The myxobacteria ("slime bacteria") are a group of bacteria that predominantly live in the soil and feed on insoluble organic substances. The myxobacteria have very large genomes relative to other bacteria, e.g. 9–10 million nucleotides except for Anaeromyxobacter and Vulgatibacter. One species of myxobacteria, Minicystis rosea, has the largest known bacterial genome with over 16 million nucleotides. The second largest is another myxobacteria Sorangium cellulosum. Myxobacteria are included among the delta group of proteobacteria, a large taxon of Gram-negative forms.
Myxobacteria can move by gliding. They typically travel in swarms (also known as wolf packs), containing many cells kept together by intercellular molecular signals. Individuals benefit from aggregation as it allows accumulation of the extracellular enzymes that are used to digest food; this in turn increases feeding efficiency. Myxobacteria produce a number of biomedically and industrially useful chemicals, such as antibiotics, and export those chemicals outside the cell.
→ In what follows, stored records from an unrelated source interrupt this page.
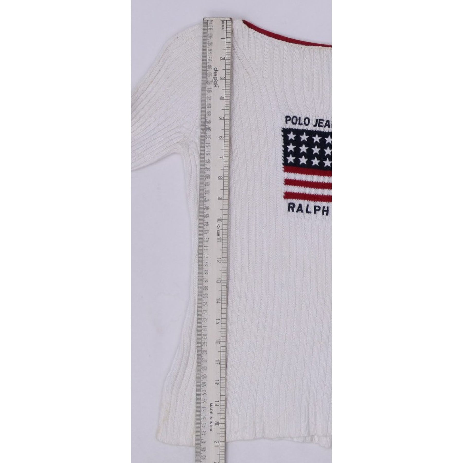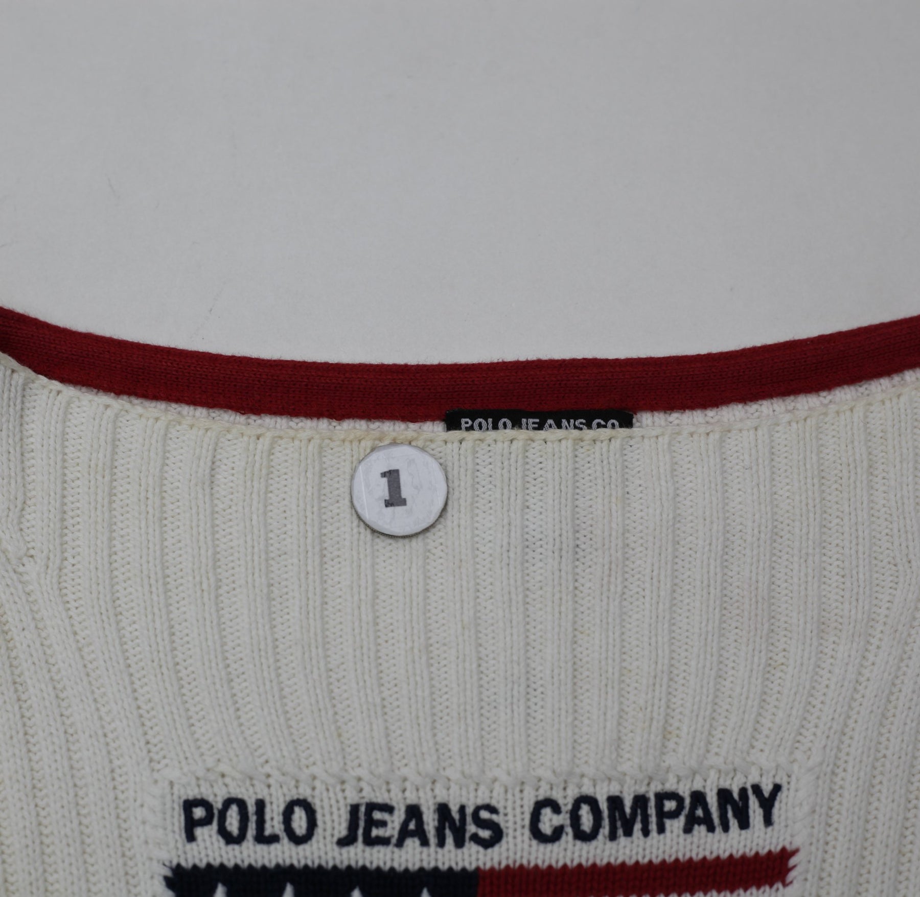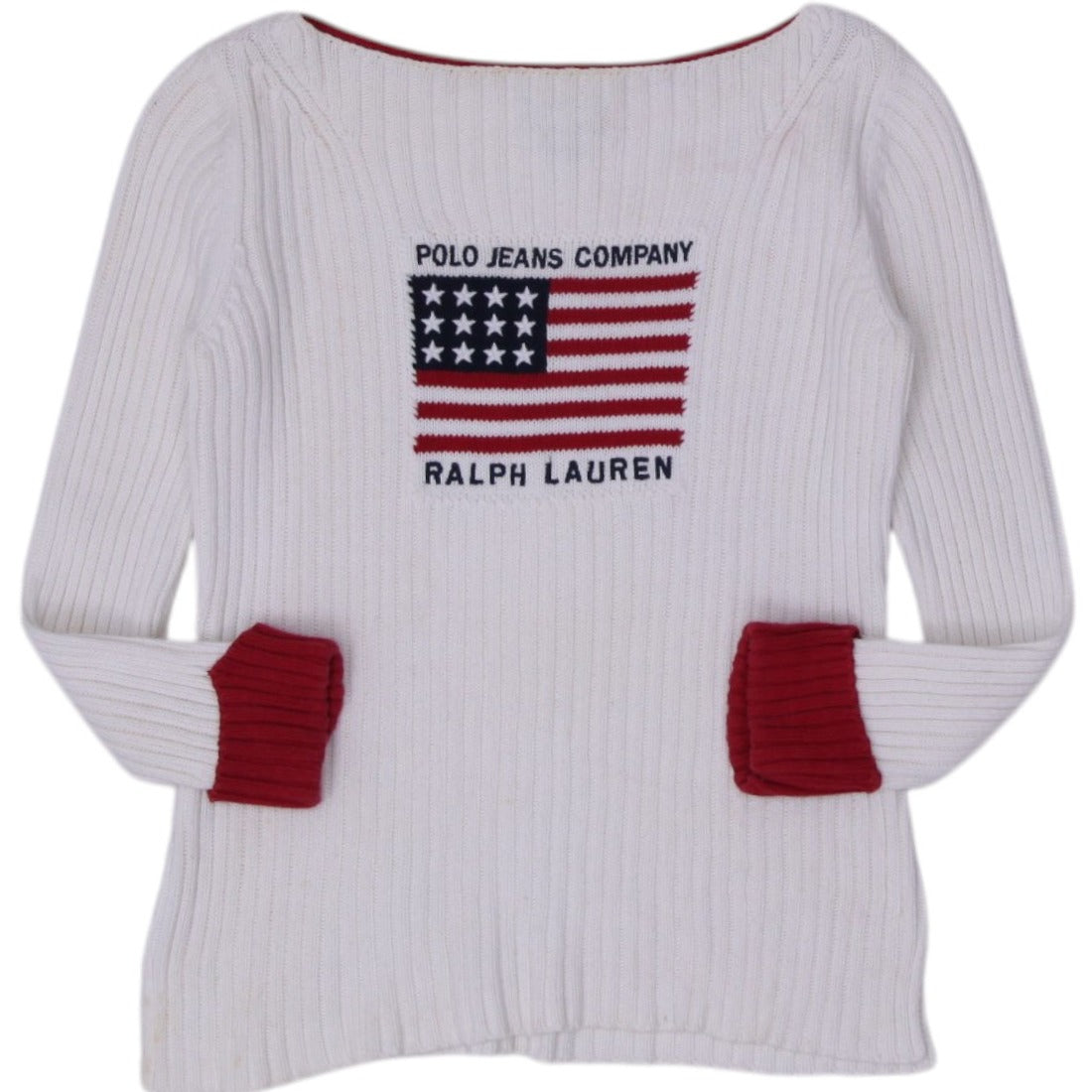 Vintage Ribbed Polo Jeans Company Ralph Lauren American Flag Sweater Red Cuffs
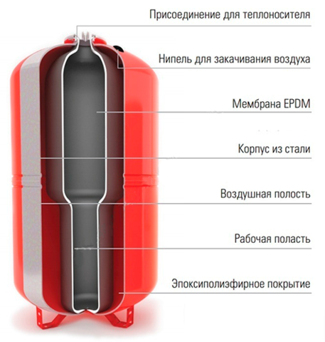 Профессиональный мембранный бак повышенной мощности для крупных систем отопления, предназначенный для компенсации температурного расширения теплоносителя и поддержания стабильного давления в системе.
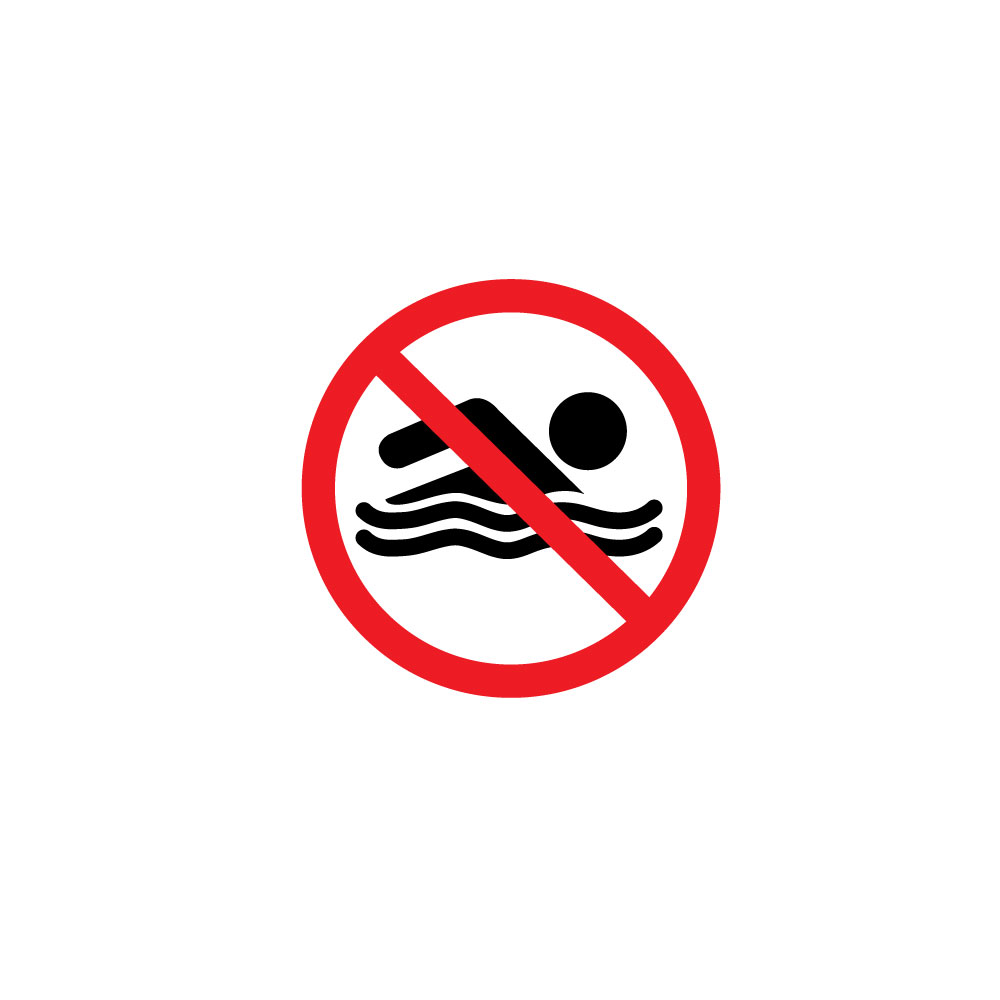 This striking "No Swimming" vector icon features a clear prohibition circle over a swimmer, making it ideal for beach signs, pool safety guidelines, and hazard warnings.
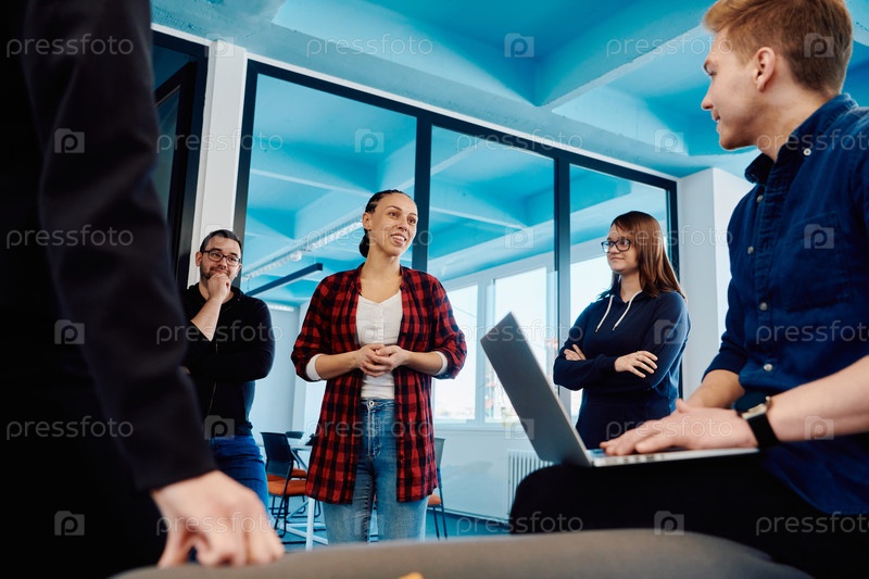 Разнообразная команда молодых бизнесменов, обменивающихся идеями в современном стартап-офисе

When nutrients are scarce, myxobacterial cells aggregate into fruiting bodies (not to be confused with those in fungi), a process long-thought to be mediated by chemotaxis but now considered to be a function of a form of contact-mediated signaling. These fruiting bodies can take different shapes and colors, depending on the species. Within the fruiting bodies, cells begin as rod-shaped vegetative cells, and develop into rounded myxospores with thick cell walls. These myxospores, analogous to spores in other organisms, are more likely to survive until nutrients are more plentiful. The fruiting process is thought to benefit myxobacteria by ensuring that cell growth is resumed with a group (swarm) of myxobacteria, rather than as isolated cells. Similar life cycles have developed among certain amoebae, called cellular slime molds.
Various myxobacterial species as sketched by Roland Thaxter in 1892: Chondromyces crocatus (figs. 1–11), Stigmatella aurantiaca (figs. 12–19 and 25-28), Melittangium lichenicola (figs. 20–23), Archangium gephyra (fig. 24), Myxococcus coralloides (figs. 29-33), Polyangium vitellinum (figs. 34-36), and Myxococcus fulvus (figs. 37-41). Thaxter was the first taxonomist to recognize the bacterial nature of the myxobacteria. Previously, they had been misclassified as members of the fungi imperfecti.